Grounds of St Mary's Cathedral in Perth, Western Australia

Victoria Square is the name of the area and road that runs around the edge of the grounds of St Mary's Cathedral in Perth, Western Australia.

It is the northern extension of Victoria Avenue.

The area was originally named Church Hill by John Septimus Roe in 1839 or 1840, but was subsequently known as Victoria Square. The Anglicans of Perth chose the location of their cathedral, St George's, closer to Government House on St Georges Terrace, allowing the Catholic church to utilise Victoria Square.

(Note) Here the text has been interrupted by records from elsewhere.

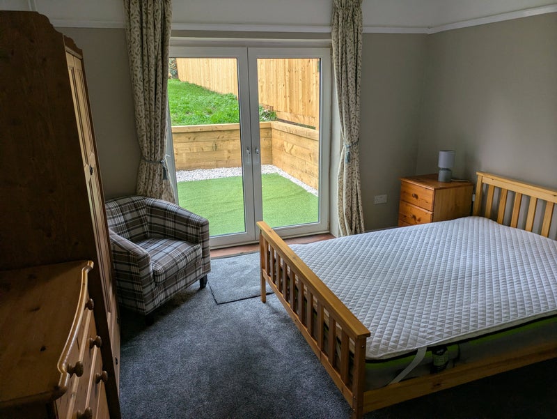 A garden-facing 15 sqm room with new carpets, double bed, dresser, stylish wardrobe, chest, easy chair & a new enclosed artificial lawn patio. This is not overlooked and leads via steps out onto the extensive private garden.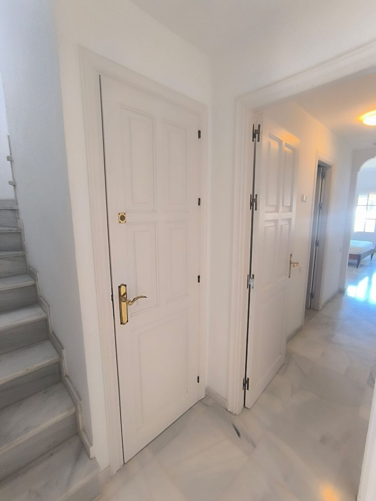 Spacious apartment in the El Presidente complex, Estepona, next to the beach and close to all amenities. The apartment features an entrance hall, a large living-dining room, a fully equipped kitchen, and 3 bedrooms with 2 bathrooms. Marble floors and built-in wardrobes. The development has 5 swimming pools, one of which is heated year-round, as well as paddle tennis and tennis courts. Several golf courses are nearby. There is a concierge at the entrance and 24-hour security.
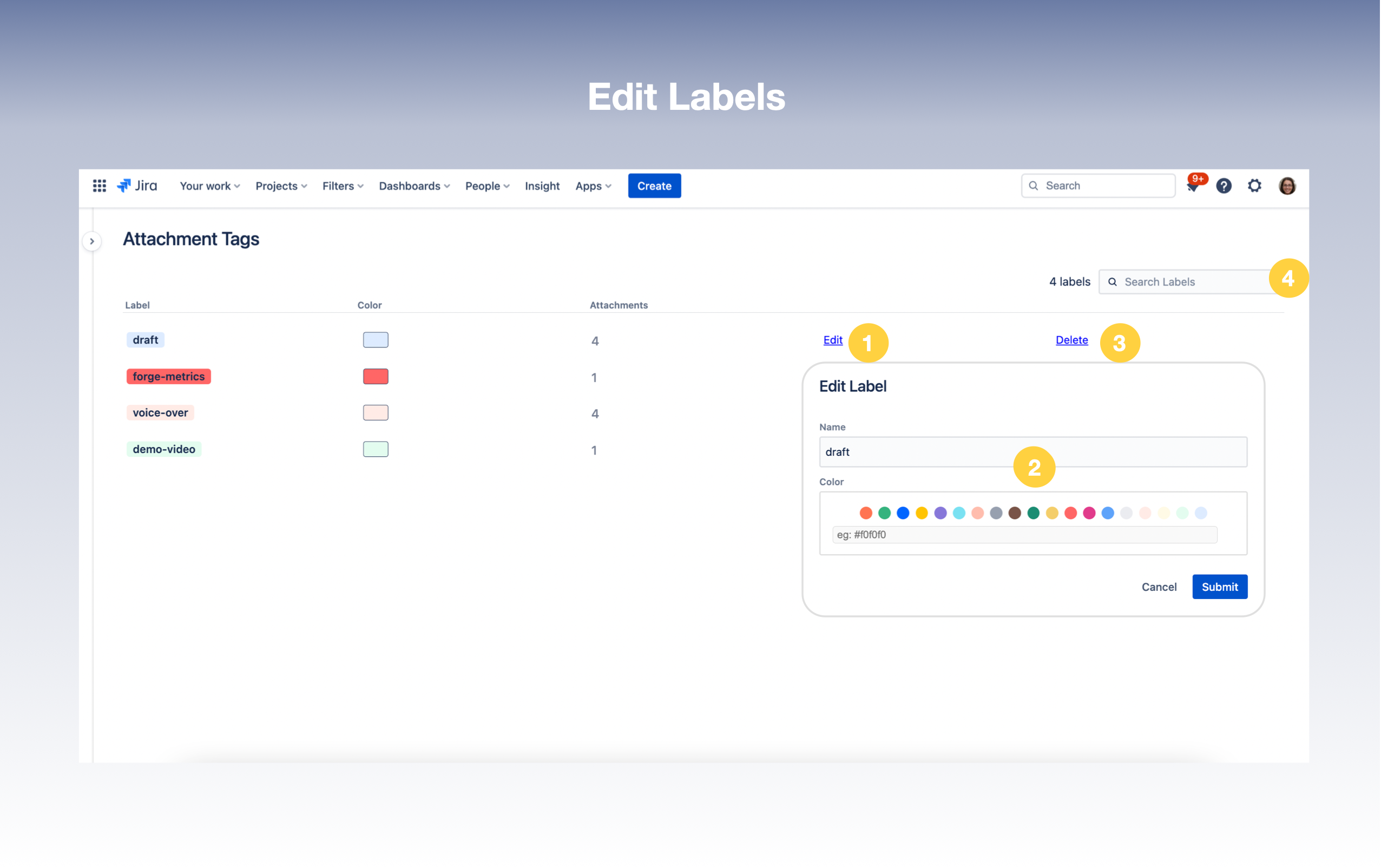 2. Editing Labels in Settings Page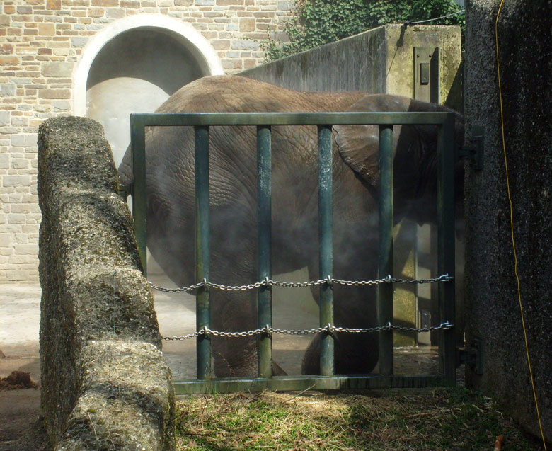 Der Afrikanische Elefantenbulle im Wuppertaler Zoo ging im April 2010 vorsichtig rückwärts.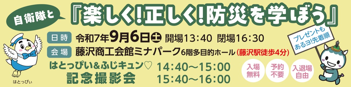 当日は、自衛隊の災害派遣活動の講話や装備品の展示、藤沢市の災害への備えなど役立つ情報が盛りだくさんの講演会が行われるほか、自衛官なりきり撮影会や防災グッズのプレゼント(先着80組)もある。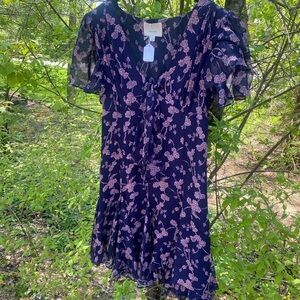 Cinq A SEPT Navy Silk Floral Mini Dress Swingy Handkerchief Flare Hem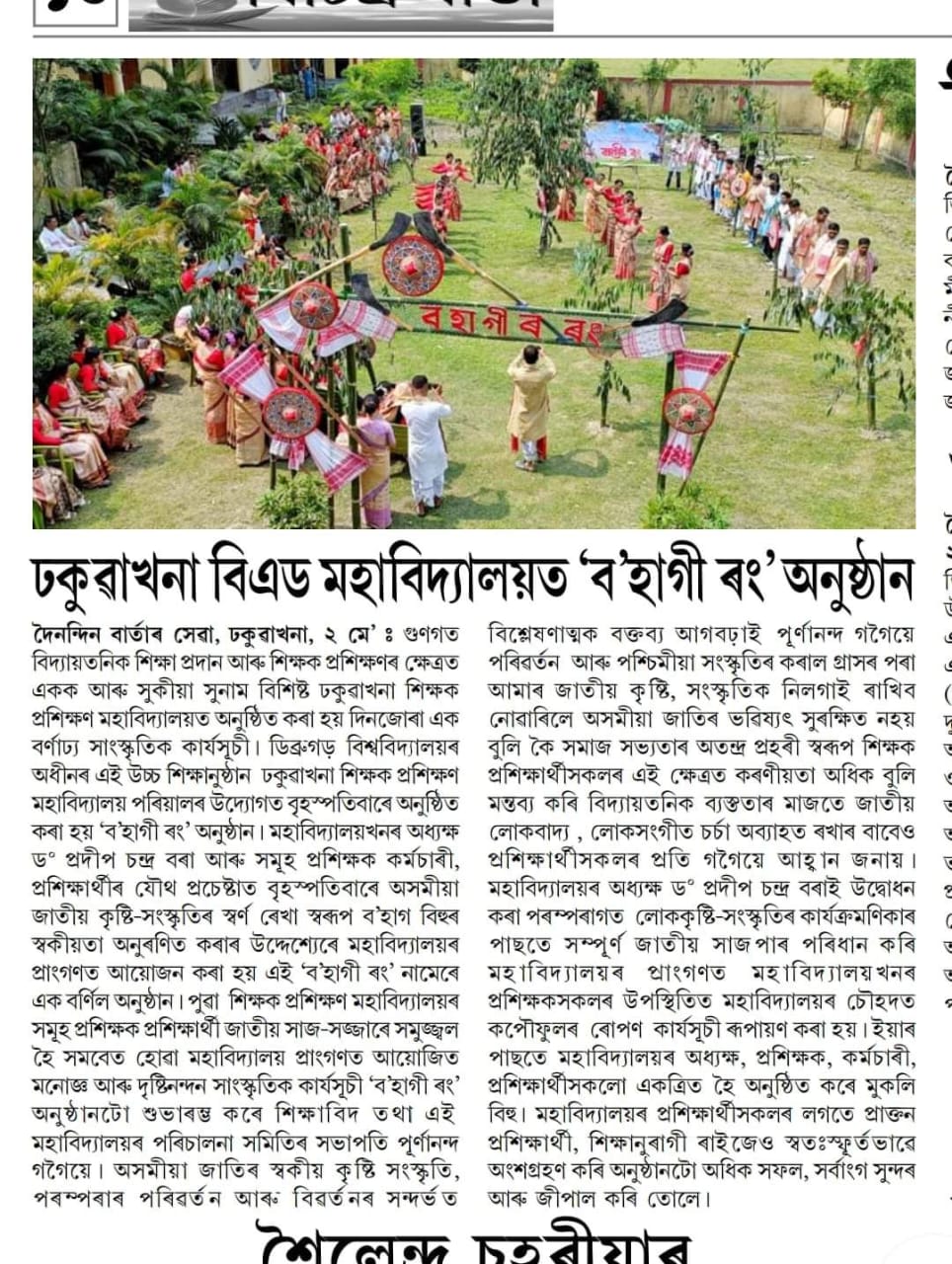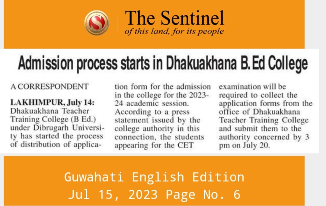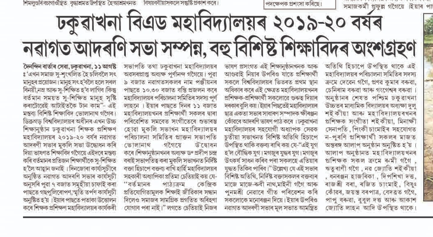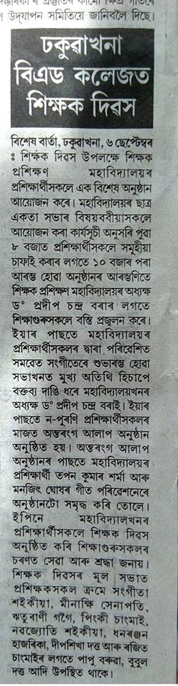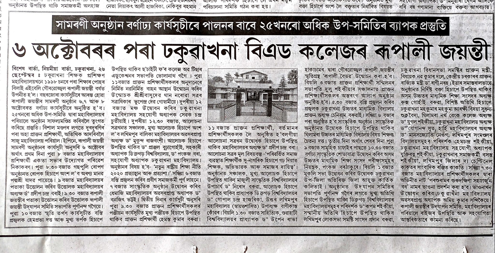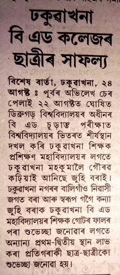 College of Teacher Education, Dhakuakhana came into being pursuant to the untiring endeavor of the populace of the sub-division Dhakuakhana and its setting up is definitely a fulfillment of long standing dream of this locality. This college now caters to the educational need of the people, not only of this backward and flood-affected area but also the entire Assam as well as outside Assam also.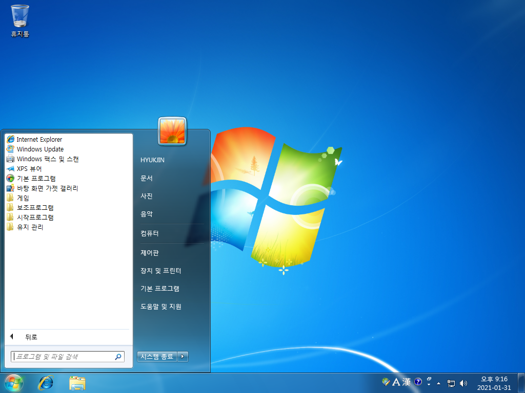 시작 메뉴를 열어보았습니다. KN 버전이라서 그런지 프로그램이 많지는 않습니다.

The precinct that surrounds the area includes historic schools, Catholic Church buildings, as well as historic residential buildings.

Most of the historic buildings in the square were constructed and opened in the late nineteenth century.

Royal Perth Hospital is on its northern side, and related buildings are on the north west side of the square, while on the south east side is Mercedes College.
In the nineteenth century, the Convent of Mercy was located on the square.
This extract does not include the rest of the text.